在addWorker这个方法里,首先检查线程池的一些状态信息,是否允许添加新的工作线程,不允许则直接返回false:

这里的判断条件并不是很好理解。

if (rs >= SHUTDOWN &&
    ! (rs == SHUTDOWN &&
       firstTask == null &&
       ! workQueue.isEmpty()))
    return false;

如果允许添加,则判断当前池中的工作线程数是否超出应有的范围(corePoolSize或者maximumPoolSize),如果超出则直接返回false:

int wc = workerCountOf(c);
if (wc >= CAPACITY ||
    wc >= (core ? corePoolSize : maximumPoolSize))
    return false;

如果满足要求则调用compareAndIncrementWorkerCount(int expect)方法将workerCount值加1,前面提到了使用ctl这个原子变量的低29位来保存workerCount的值,使用该原子变量的CAS操作,就避免了加锁,如果成功则跳出当前的循环,如果不成功则再次读取ctl的值,判断其运行状态,如果运行状态发生了改变则重新进入retry即外围的循环,如果未发生改变,则继续内部的循环 :

if (compareAndIncrementWorkerCount(c))
      break retry;
  c = ctl.get();  // Re-read ctl
  if (runStateOf(c) != rs)
      continue retry;
  // else CAS failed due to workerCount change; retry inner loop

compareAndIncrementWorkerCount:

/**
 * Attempts to CAS-increment the workerCount field of ctl.
 */
private boolean compareAndIncrementWorkerCount(int expect) {
    return ctl.compareAndSet(expect, expect + 1);
}

跳出当前的循环后,加锁,重新检查线程池的运行状态,尝试添加Worker,并使用当前任务作为第一个任务,将其存入工作线程的集合中(workers:HashSet)中,还使用finally块来保证当添加Worker失败的时候进行回滚操作(从集合中移除当前Worker,将workerCount的值减一等):

boolean workerStarted = false;
boolean workerAdded = false;
Worker w = null;
try {
   w = new Worker(firstTask);
   final Thread t = w.thread;
   if (t != null) {
       final ReentrantLock mainLock = this.mainLock;
       mainLock.lock();
       try {
           // Recheck while holding lock.
           // Back out on ThreadFactory failure or if
           // shut down before lock acquired.
           int rs = runStateOf(ctl.get());

           if (rs < SHUTDOWN ||
               (rs == SHUTDOWN && firstTask == null)) {
               if (t.isAlive()) // precheck that t is startable
                   throw new IllegalThreadStateException();
               workers.add(w);
               int s = workers.size();
               if (s > largestPoolSize)
                   largestPoolSize = s;
               workerAdded = true;
           }
       } finally {
           mainLock.unlock();
       }
       if (workerAdded) {
           t.start();
           workerStarted = true;
       }
   }
} finally {
   if (! workerStarted)
       addWorkerFailed(w);
}

让我们再回到execute方法,如果当前的线程数大于等于核心池的数量或者添加新的Work失败(并发导致,因为没有加锁),那么则重新检查线程池的运行状态,将当前任务入队:

 if (isRunning(c) && workQueue.offer(command))
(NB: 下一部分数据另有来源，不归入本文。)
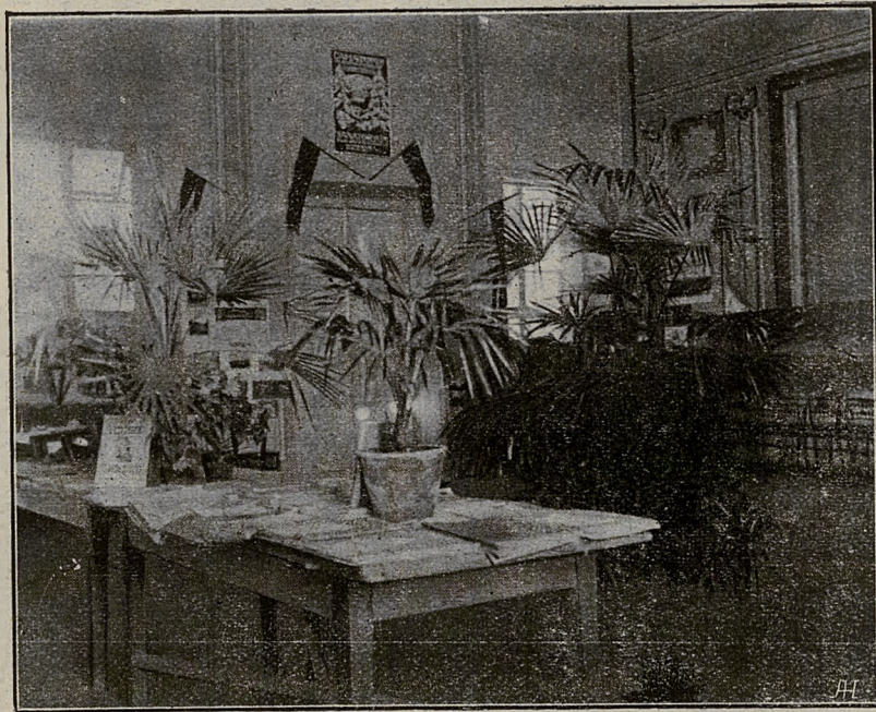
Okrężna Wystawa Zdrojowa w Lubieniu.

Sezon III. powinien ściągnąć także spory zastęp kuracjuszków, ponieważ zdrojowisko nasze, zamknięte ze wszech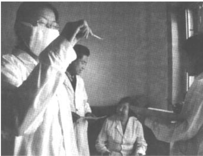
河口区孤岛镇在防治“非典”工作中，严把“流入流出”关，他们对辖区内流动人口进行认真的摸底调查、登记，坚决杜绝“非典”的蔓延。图为该镇分管领导、计生技术人员对流动人口进行现场测量体温和“非典”宣传教育。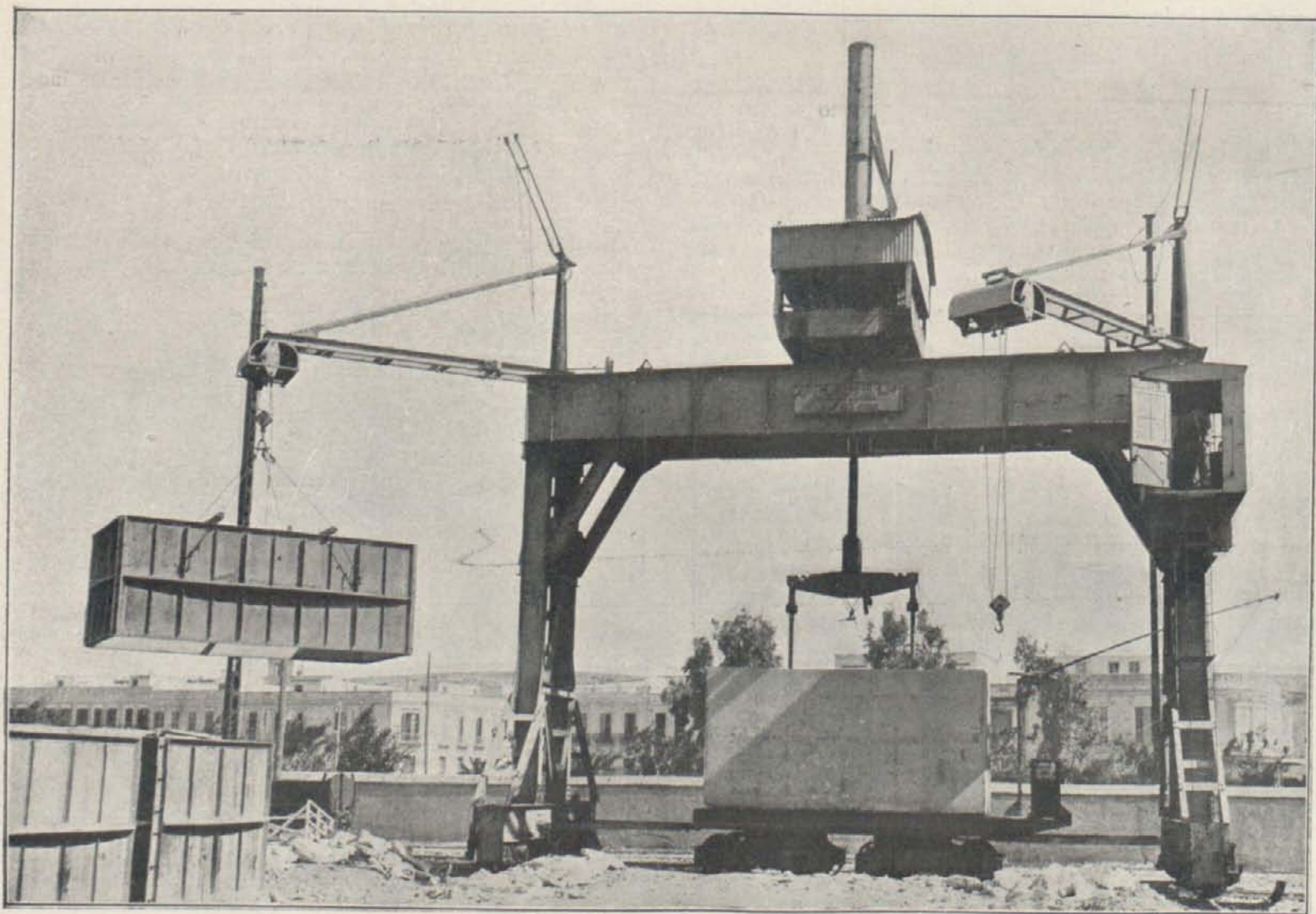
GRUA «GOLIAT» Y CARRO TRANSPORTADOR

Entretanto, la brigada San Martín, después de una marcha brillante desde Ras Quiviana, llega á los pozos de Acgraz, en la llanura de Bu-Arg, batiendo denodadamente al enemigo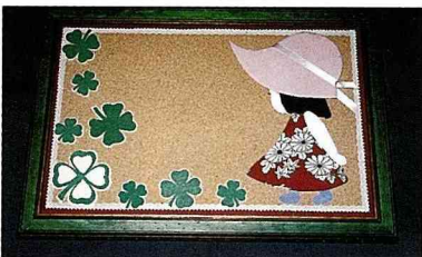
■ 充滿遐想的幸運草公佈欄。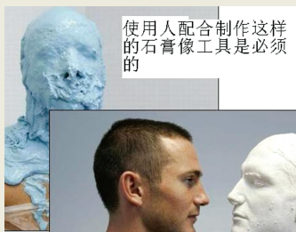
使用人配合制作这样的石膏像工具是必须的

AB两步也能用另一种方式代替,用高逼真的三位电脑雕像(由电脑雕刻师根据人1:1的照片做成),由化妆师雕刻形成塑像。但塑像逼真程度只能做到90%像。

接着又再次检查了运行状态,如果处于非运行状态,则将之前入队的Work移除,并且拒绝:

int recheck = ctl.get();
if (! isRunning(recheck) && remove(command))
    reject(command);

如果仍处于运行态,则检查worker的数量,如果为零则新建一个Worker:

else if (workerCountOf(recheck) == 0)
     addWorker(null, false);

如果任务队列已满(加入任务队列失败)则尝试新建一个Worker,并且让这个Worker来处理这个任务:

else if (!addWorker(command, false))
     reject(command);

简单地总结起来可以分为三步:

  1. 如果 当前的线程数小于corePoolSize,那么每来一个任务就尝试新建一个线程并且将这个任务作为该线程的第一个任务,让这个线程去执行。
  2. 如果 当前的线程数大于等于corePoolSize,那么尝试将当前任务置入队列中 ( 当有对应的线程任务执行完毕,则会去队列中取出任务执行)。
  3. 如果 置入队列失败(队列已满)且 当前线程数 小于maximumPoolSize , 则尝试新建一个线程去执行这个任务。如果 线程数大于maximumPoolSize 则采取任务拒绝策略 。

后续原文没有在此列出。